Oil prices dropped Thursday after the International Energy Agency cut its demand growth outlook, a revision that landed in a market already uneasy about how quickly supply is said to be rising.
Brent crude traded near $67 a barrel in the afternoon, down roughly 3% on the session. U.S. WTI slipped into the $62s. Selling accelerated after the IEA trimmed its 2026 global demand growth forecast to 850,000 barrels per day. A month ago, it was expecting 930,000.
The number itself is not as dramatic as the context. The agency still sees global supply expanding by about 2.4 million bpd this year. Put the two figures side by side and the balance starts to look heavy, especially once winter disruptions unwind.
January tightened the market for a moment. Storms shut in more than 1 million bpd in North America. Kazakhstan, Russia, and Venezuela were dealing with outages of their own. Global supply fell by roughly 1.2 million bpd. Those barrels are now starting to return.

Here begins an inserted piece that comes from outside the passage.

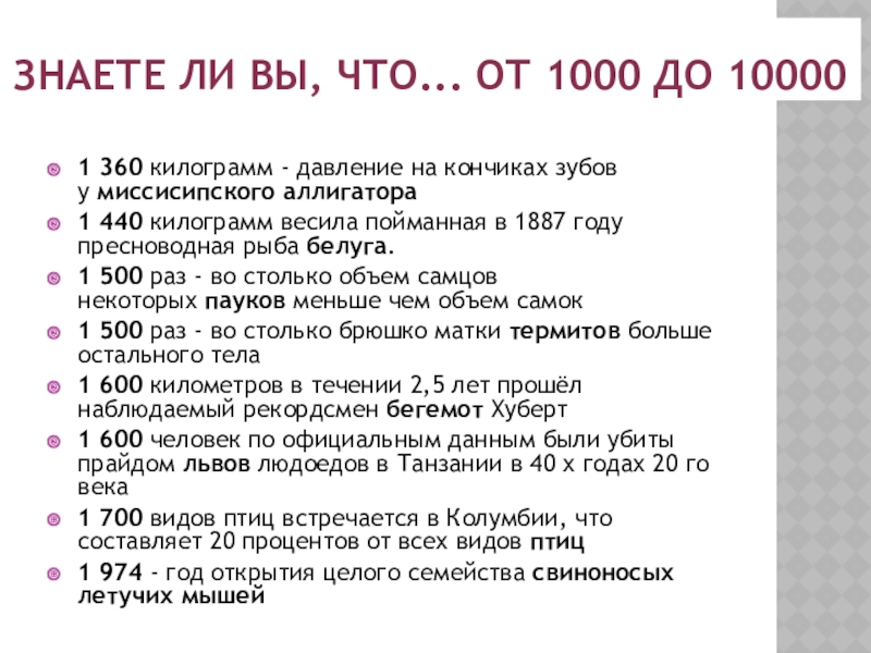 Слайд 42Знаете ли Вы, что... от 1000 до 10000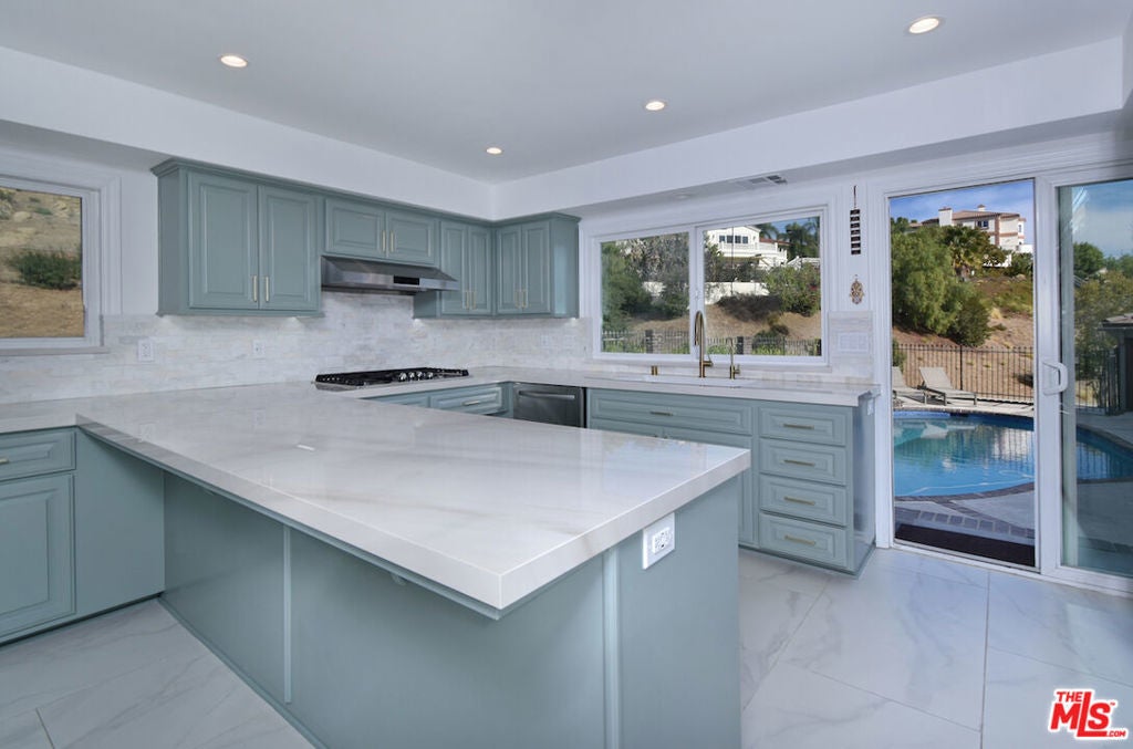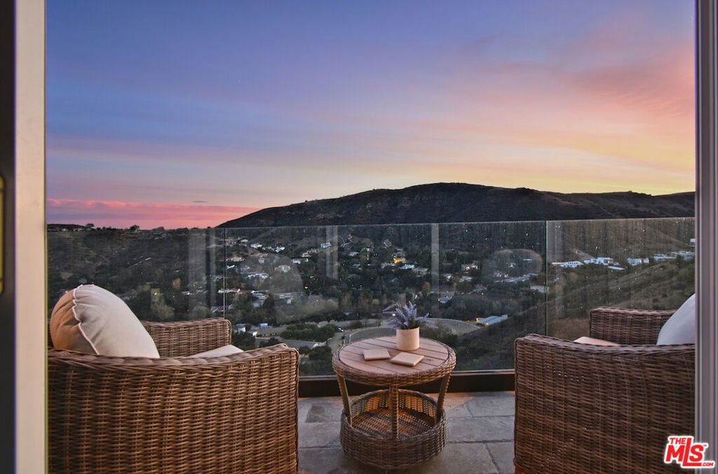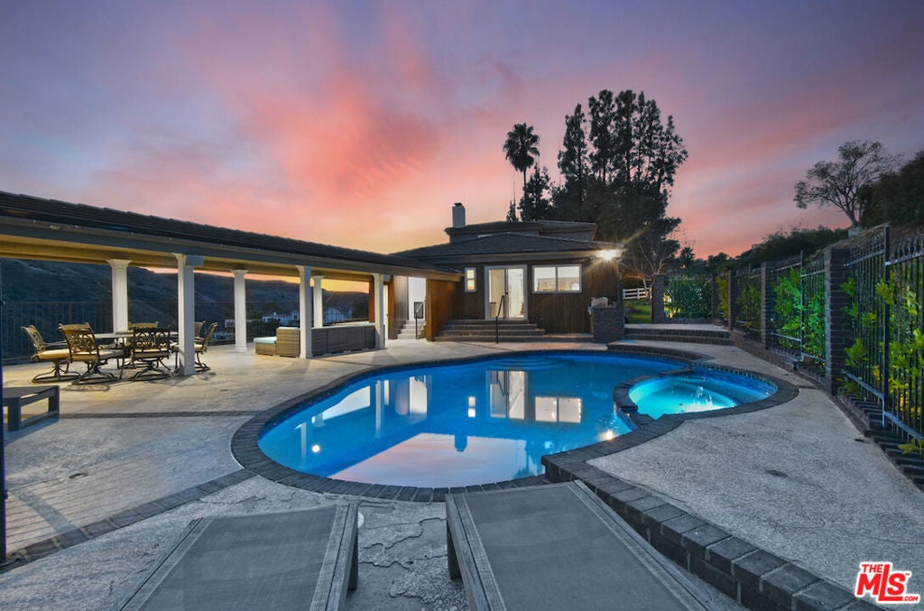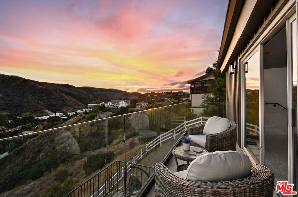 VIEW VIEW VIEW! New Price improvement! $300,000 in price reduction! Set in the prestigious gated community of Bell Canyon is this fully remodeled Traditional home is perched atop a 1.38-acre promontory, offering stunning canyon views from nearly every room. Every detail of this residence has been thoughtfully remodeled, blending timeless charm with modern luxury for a truly turnkey living experience. The open floor plan is perfect for both entertaining and everyday living. The expansive living room, with glass walls, opens to a private terrace where you can take in Bell Canyon's tranquil evenings. Adjacent is the family room, complete with a wet bar, flowing into a chef's kitchen. This fully remodeled space includes custom new cabinets, a water filtration system, and an expansive breakfast nook. The formal dining room, framed by sunset views, offers a versatile setting for casual or formal gatherings. Key Upgrades Include: * New Roof, Gas Line, Plumbing, & Electrical Systems (new electric panel). * New Garage Doors, epoxied floors & approved plans for a 768 Sq.Ft. ADU above the garage * Converted one garage space into a fully functional office. * New Glass Railing on the primary bedroom balcony and a remodeled primary bath with steam shower, custom tiles, heated marble floors, heated towel bar, Toto toilets, Rohl plumbing fixtures, and luxurious finishes. * Completely remodeled Guest bedroom bath and powder room. * New Paint, Drywall, and Exterior Wood/Stonework, along with freshly laid turf, slabs, and rock detailing for a polished exterior. * Renovated saltwater Pool & spa w/new equipment offers a serene outdoor escape. * 5 to 6 parking spaces in the driveway. The home's layout includes three downstairs bedrooms, two with direct patio access, and an upstairs primary suite with private viewing deck, custom-built closets, and a spa-like bathroom. Custom cabinetry throughout enhances functionality. Outdoor living includes covered patio & multiple terraces, surrounded by lush landscaping. The home also features a tankless water heater & whole-house water system for efficiency This property is a rare opportunity to own a meticulously updated home with modern amenities in a secure, private setting. Bell Canyon offers 24-hour gated entry, equestrian center, tennis courts, a fitness center, and year-round community events. Served by the award-winning Las Virgenes School District.

OPEC is projecting much stronger demand growth, above 1.4 million bpd, and that split in outlook has become a fault line for traders. Thursday’s price move suggests the market is taking full advantage of the IEA’s slower-growth view, at least for now.
The downgrade lands as hedge funds and other money managers have already been trimming bullish crude positions. A softer demand outlook gives traders another reason to question how tight the market will look by midyear.
The focus is shifting away from short-term outages and back to the second half of the year. If production rebounds as expected while demand growth softens, inventories build. That risk is what weighed on crude during the session.